La storia è un processo oggettivo e complesso, tendente verso l'alto, dove le conquiste sociali parziali e contraddittorie di ieri rendono infine possibili progressi più sostanziali. Un movimento che potrebbe subire anche battute d'arresto storiche. Regressione che genera e promuove, come nel presente, l'oscuramento della comprensione del passato e della sua connessione con il presente. In un contesto di proposta validità eterna dell'ordine capitalista, gli individui sono racchiusi in uno spazio esistenziale acronico, in cui non c'è più ciò che era o ciò che alla fine sarà. C'è solo la reclusione in un adesso, senza riflessione e coscienza, di esseri ridotti alla funzione di produttori e consumatori, nel migliore dei casi.

Conclusa il 13 maggio 1888, la Rivoluzione Abolizionista fu il primo grande movimento di massa nazionale e moderno in Brasile, promosso dagli abolizionisti e sostenuto e portato avanti da lavoratori schiavi, in alleanza con liberti, lavoratori liberi, segmenti medi e pochi non- proprietari. -schiavisti.

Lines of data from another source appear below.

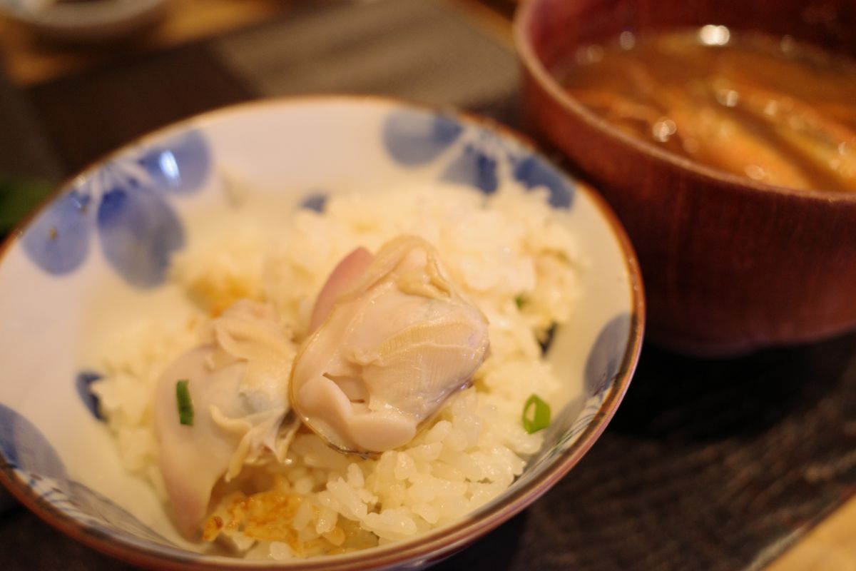 下のご飯が見えなくなるくらいに、たっぷりと敷き詰められた蛤。釜飯の具材は日によって変わるので、お楽しみに。
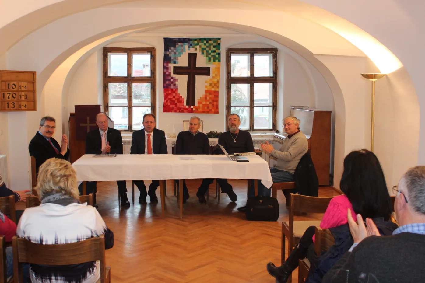 Preotul Kézdi László-Zoran, care păstorește comunitatea evanghelică din Cisnădie de mai bine un deceniu, a mulțumit rând pe rând tuturor celor care au pus suflet și au realizat acest proiect model la Cisnădie. Un gând aparte a mers către Asociația cisnădienilor din Germania. „Domnului Heinz Hermann nu ajunge să-i mulțumesc doar cu vorba, dar știe ce simt și știe cât datorăm Asociației cisnădienilor. Fără implicarea lor, nu doar financiar, fiindcă din costurile neeligibile parohia și asociația au preluat câte 50 la sută, cisnădienii emigrați ne-au ajutat enorm de mult. Domnul Hermann s-a implicat cu foarte mult suflet, a fost la nenumărate ședințe cu cei implicați, a fost prezent întotdeauna în fazele dificile.“, a amintit László-Zoran Kézdi, Prim-preot al Parohiei Evanghelice Cisnădie.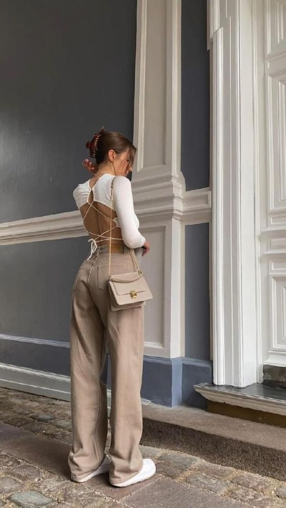 Un conjunto en tonos neutros y con estampados pequeños.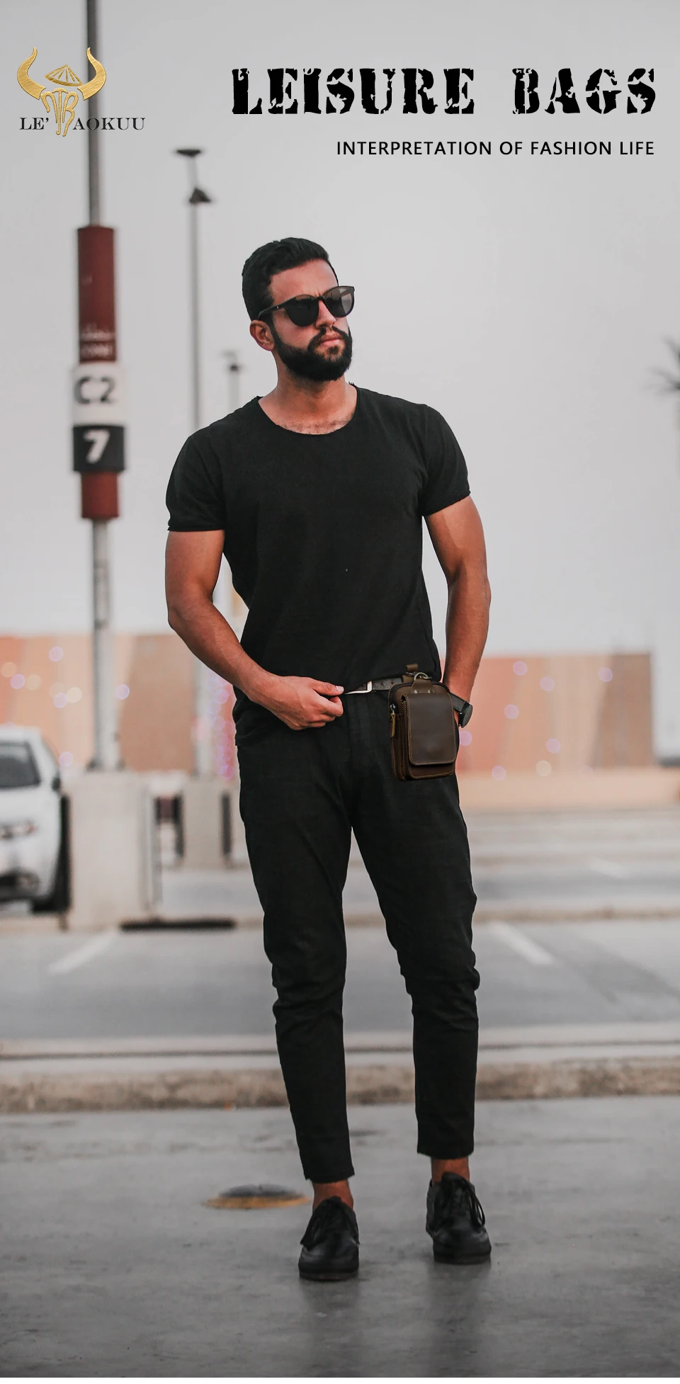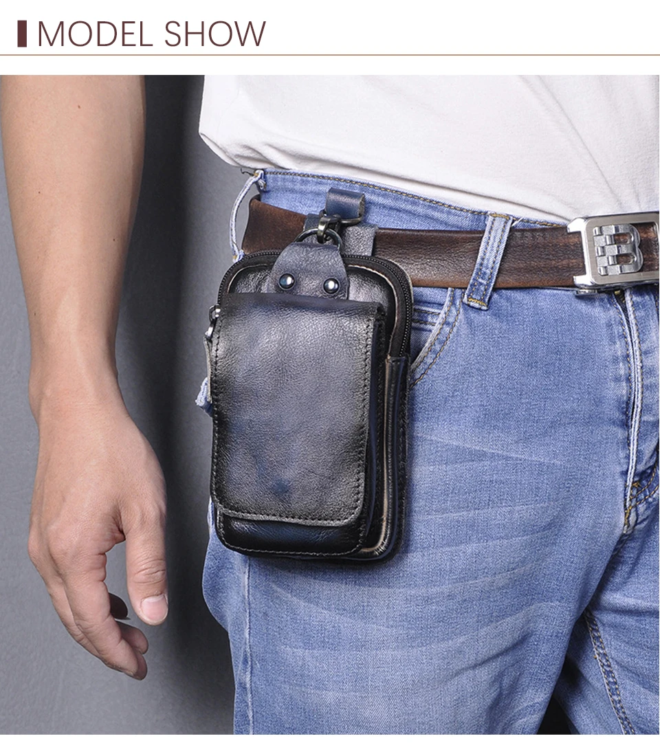 Повседневная дизайнерская маленькая поясная сумка из натуральной воловьей кожи для мужчин, модная сумка-кошелек с крючком, поясной кошелек, чехол для сигареты, чехол для телефона 5,5 дюйма, 1609

Fino ad ora, è stata l'unica rivoluzione sociale vittoriosa in Brasile, che ha dissolto l'organizzazione della società dominante, lasciando il posto a un'altra, più avanzata.

Riscattando e svelando il significato e la storia della Rivoluzione Abolizionista, seguiremo più facilmente il percorso indicato dagli schiavisti, che osarono, nonostante i pericoli che correvano, abbandonare i quartieri degli schiavi, portando come armi le loro zappe, per mettere fine all'ordine degli schiavi, nel no quel lontano anno 1888. Se la situazione che stiamo vivendo ci ferisce e ci dispiace per la sua bruttezza e brutalità, come non poteva non essere, la responsabilità non è dei nostri avi, che hanno fatto la loro rivoluzione, nei limiti delle possibilità oggettive. La responsabilità ricade semplicemente su di noi, che non abbiamo ancora fatto il nostro. E, per farlo, non possiamo non salutare i coraggiosi lavoratori schiavizzati e abolizionisti che, il 13 maggio 1888, ci hanno mostrato la via da seguire. Quindi, mettiti al lavoro. E lunga vita all'abolizione!

*Mario Maestro è uno storico. Autore, tra gli altri libri, di Figli di Cam, figli del cane. Il lavoratore schiavo nella storiografia brasiliana (FCM Editore).